Publié le 17/04/2009

Extrait du document

« Quand tous les génies qui ont jamais brillé se réuniraient pour méditer sur cet objet, ils ne pourraient s'étonner assez de cet aveuglement de l'esprit humain. Aucun homme ne souffre qu'on s'empare de ses propriétés; et, pour le plus léger différend sur les limites, on a recours aux pierres et aux armes. Et pourtant la plupart permettent qu'on empiète sur leur vie; on les voit même en livrer d'avance à d'autres la possession pleine et entière. On ne trouve personne qui veuille partager son argent, et chacun dissipe sa vie à tous venants. Tels s'appliquent à conserver leur patrimoine, qui, vienne l'occasion de perdre leur temps, s'en montrent prodigues, alors seulement que l'avarice serait une vertu. (2) Je m'adresserai volontiers ici à quelque homme de la foule des vieillards : «Tu es arrivé, je le vois, au terme le plus reculé de la vie humaine; tu as cent ans ou plus sur la tête; eh bien, calcule l'emploi de ton temps; dis-nous combien t'en ont enlevé un créancier, une maîtresse, un accusé, un client; combien tes querelles avec ta femme, la correction de tes esclaves, tes démarches officieuses dans la ville. Ajoute les maladies que nos excès ont faites; ajoute le temps qui s'est perdu dans l'inaction, et tu verras que tu as beaucoup moins d'années que tu n'en comptes. (3) Quelle en est donc la cause ? Mortels, vous vivez comme si vous deviez toujours vivre. Il ne vous souvient jamais de la fragilité de votre existence; vous ne remarquez pas combien de temps a déjà passé; et vous le perdez comme s'il coulait d'une source intarissable, tandis que ce jour, que vous donnez à un tiers ou à quelque affaire, est peut-être le dernier de vos jours. Vos craintes sont de mortels; à vos désirs on vous dirait immortels. » Sénèque, De la brièveté de la vie

Dans le 1er §, Sénèque s’oppose donc à l’opinion commune (doxa) qui veut qu’on ne puisse voler que les biens matériels. Il dénonce ce mensonge de l’opinion en montrant qu’au-delà du monde rassurant des idées toutes faites, il est un monde plus inquiétant, mais aussi plus passionnant dans ce qu’il recèle d’inconnu et de surprise.
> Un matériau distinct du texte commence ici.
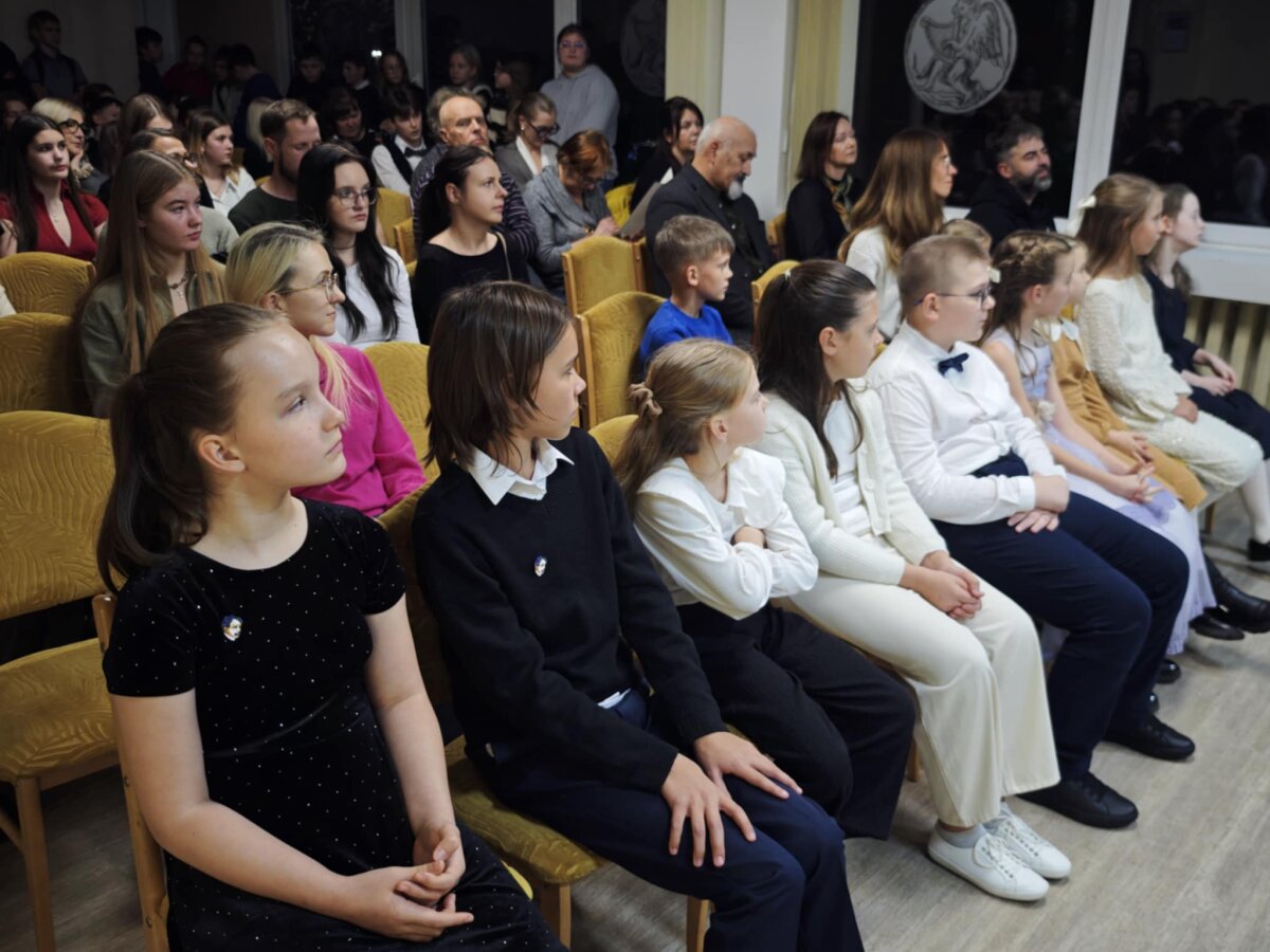 2025 m. spalio 8 d. Mokyklos salėje penktokams, baigusiems Pradinio formalųjį šv... -
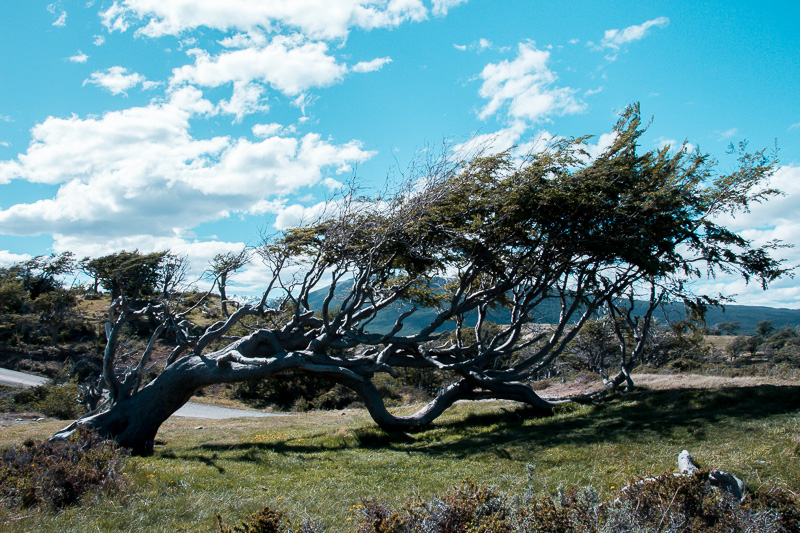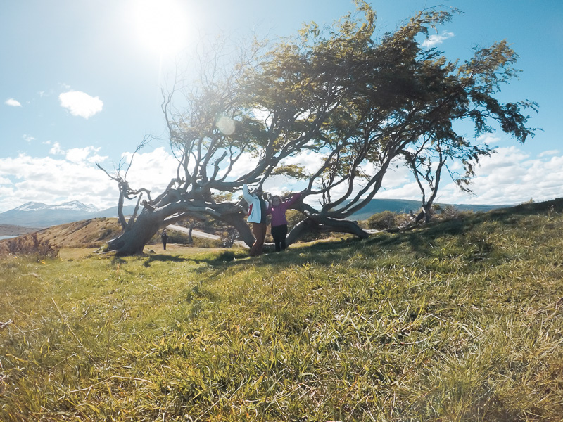 Fomos conhecer de perto as tão faladas Árvores Bandeira, aquelas que crescem de lado, quase que deitadas. Apesar do formato e crescimento curioso elas são saudáveis. E só ficam nesse formato por conta dos fortes e interruptos ventos patagônicos.

Il n’expose pas une contradiction entre la pensée et le réel, mais une contradiction au sein de la pensée elle-même. Celle-ci admet que l’on puisse prendre les armes pour défendre ses biens, mais admet que n’importe qui puisse vous dérober votre bien le plus précieux, à savoir votre temps.    Dans le 2nd §, Sénèque nous invite à faire le bilan du gaspillage de notre existence. Pour lui, la vie heureuse n’est possible qu’à celui qui s’en donne les moyens. L’homme heureux est d’abord un homme d’effort : son bonheur est une conséquence de l’exercice de sa raison. Pour Sénèque, le temps est ce qui doit être mis à profit pour développer ses dispositions à la vertu, donc devenir meilleur, donc être heureux. Perdre son temps c’est perdre la possibilité de devenir sage, c'est-à-dire de devenir pleinement homme dans tout ce que cela signifie de noblesse et de dignité, de coïncidence avec soi-même et sa nature.